EXTRACTED ENTRIES
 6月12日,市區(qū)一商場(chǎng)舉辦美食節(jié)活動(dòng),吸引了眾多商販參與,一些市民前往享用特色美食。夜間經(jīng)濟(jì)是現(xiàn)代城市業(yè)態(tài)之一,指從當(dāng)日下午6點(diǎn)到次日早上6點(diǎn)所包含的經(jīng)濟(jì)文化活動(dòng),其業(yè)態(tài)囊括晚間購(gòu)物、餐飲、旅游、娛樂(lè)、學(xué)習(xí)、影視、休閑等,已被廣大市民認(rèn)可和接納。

--

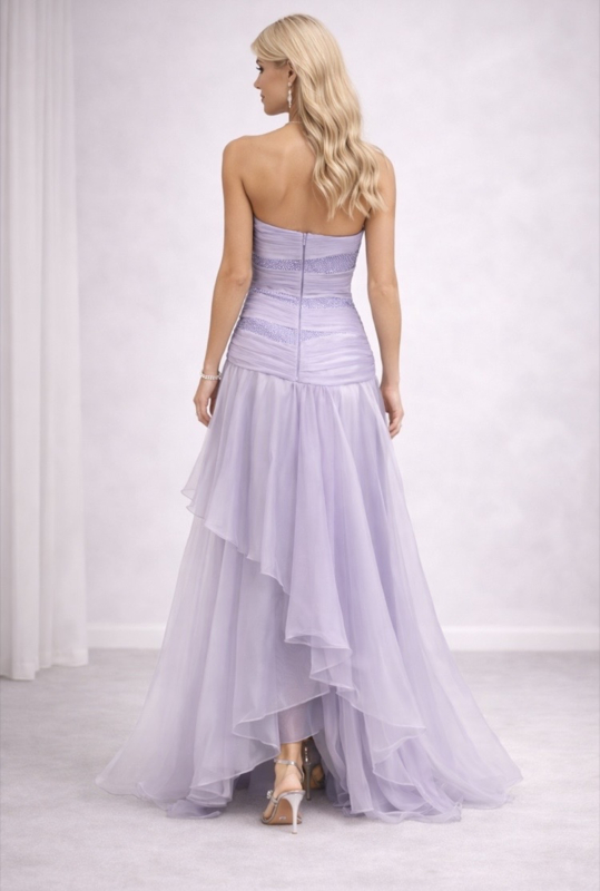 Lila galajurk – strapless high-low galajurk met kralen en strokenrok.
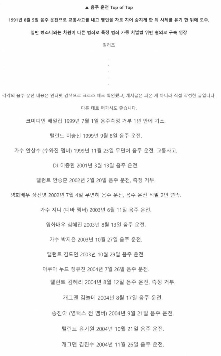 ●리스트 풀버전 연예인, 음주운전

DIRECTIONS FOR THIS TASK
In the entries above, find the line that contains "Lila galajurk –" and the line that contains "풀버전 연예인, 음주운전". Reproduce exactly those two lines and every line between them, but not the pictures.

RESULT OF THIS EXERCISE
 Lila galajurk – strapless high-low galajurk met kralen en strokenrok.
 ●리스트 풀버전 연예인, 음주운전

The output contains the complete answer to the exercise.